10 min readFeb 11, 2020

The first major AI event of 2020 is already here! Hope you had a nice holiday break 🎄, or happy New Year if your scientific calendar starts with a conference (which means NY comes from NYC). AAAI 2020 brought us a new line-up of Knowledge Graph-related papers, in other words, AAA-class papers from AAAI 😉 Okay, enough feeble jokes, let’s get started!

This year AAAI got 1591 accepted papers among which about 140 are graph-related 👀. Additionally, there was a strong Workshop and Tutorial presence:

and on the intersection with NLP there were

The slides and accepted papers of those events are already online so I encourage you to check them out, too. In this post, we’ll examine several 🔥 topics that leverage graphs and KGs in particular.

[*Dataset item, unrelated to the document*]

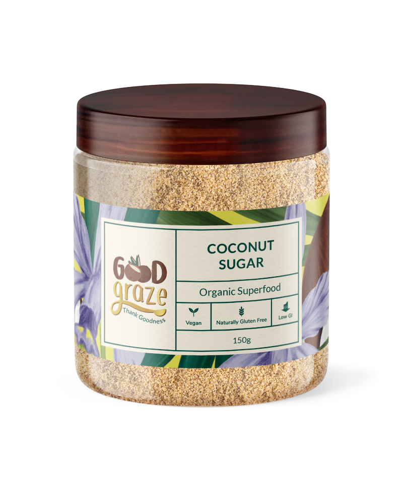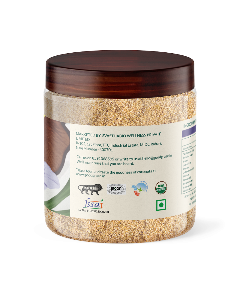 Good Graze Organic Coconut Sugar is obtained from the sap of the coconut flower, which is naturally processed to obtain cococonut sugar. No chemicals are used in the processing. The farms where these coconut trees are grown are organic certified as well. Organic Coconut sugar is a better alternative to table sugar which is chemically processed.

Here is the outline:

KG-Augmented Language Models: in different flavours
Entity Matching in Heterogeneous KGs: finally no manual mappings
KG Completion and Link Prediction: neuro-symbolic and temporal KGs
KG-based Conversational AI and Question Answering: going big
Conclusion

KG-Augmented Language Models In Different Flavours

We first noted the trend of infusing some structured knowledge into LMs in the review of EMNLP 2019, and 2020 is officially (declared by me 😊) a year of KG-Augmented LMs: more large-scale training corpora appears together with pre-trained models (and multilingual, too! 🌍).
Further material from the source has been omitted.